That is a high price to pay; I suspect there is a bug in the code or that it is 
just not designed correctly but they don't want to deal with hunting down the 
issue. 

  The point is even if the smoother does absolutely nothing to improve the 
solution (it just copies the current value) it will not make the preconditioner 
operator no longer positive definite. So my conclusion is the smoother is 
broken since it does worse than nothing.  

  Do they propose a solution? Just not use  OpenMP threading for positive 
definite problems or always use GMRES when using OpenMP?

  I am not sure what to with your (and PETSc's) test cases in this situation. I 
guess the PETSc test could switch to GMRES when hypre is using OpenMP with a 
number of threads great than 1. But kind of cumbersome and annoying. 

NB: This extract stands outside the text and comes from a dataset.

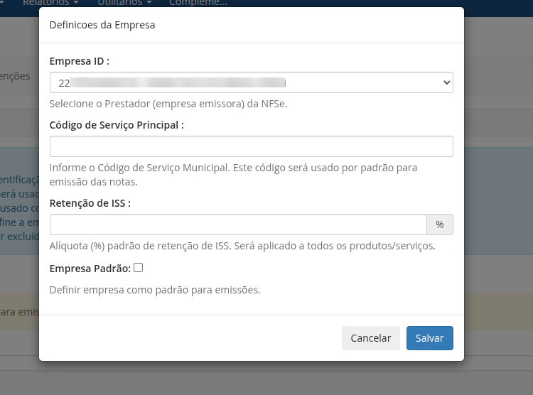 Marque esta opção para definir a empresa como padrão. A empresa padrão será utilizada para emissão de notas fiscais quando houver mais de uma empresa configurada. Caso haja apenas uma empresa configurada, a mesma será utilizada como padrão.

  Junchao and Scott have some ideas on adding OpenMP threading to our CI tests. 
If we make sure this particular problem is in their then we will need to add a 
switch to handle it.


> and here 
> https://www.researchgate.net/publication/220411740_Multigrid_Smoothers_for_Ultraparallel_Computing
>  
> <https://www.researchgate.net/publication/220411740_Multigrid_Smoothers_for_Ultraparallel_Computing>,
>  into section 7.3, we have some interesting informations, as:
> 
> Figure 7.6 clearly illustrates that convergence degrades with the addition of 
> threads for hybrid SGS; 
> 
> .... 
> 
> The 3D sphere problem is the most extreme example because AMG-CG with hybrid 
> SGS no longer converges with the addition of threading.
> 
> but I might have misunderstood since I am not an expert for that...
> 
> 3. For SuperLU_Dist, I have tried to build SuperLU_dist out of PETSc to run 
> the tests from superlu itself: sadly the bug is not showing up 
> (seehttps://github.com/xiaoyeli/superlu_dist/issues/69 
> <https://github.com/xiaoyeli/superlu_dist/issues/69>).  
> 
> I would like to build a reproducer superlu_dist example from what is done in 
> the faulty test:
> 
> ksp_ksp_tutorials-ex5
> that is buggy when called from PETSc: what bugs me, is that many other PETSc 
> tests are running fine with superlu_dist: maybe something is uniquely done in 
> ksp_ksp_tutorials-ex5 ?
> 
> So I think it worth digging into #3: the simple thing I have not yet done is 
> retreiving the stack when it fails (timeout).
> 

  I wish I had infinite time to fix these things. One could run it for a while 
until it "hangs" and then attach a debugger to the hanging process to see where 
it is. This would help determine the problem.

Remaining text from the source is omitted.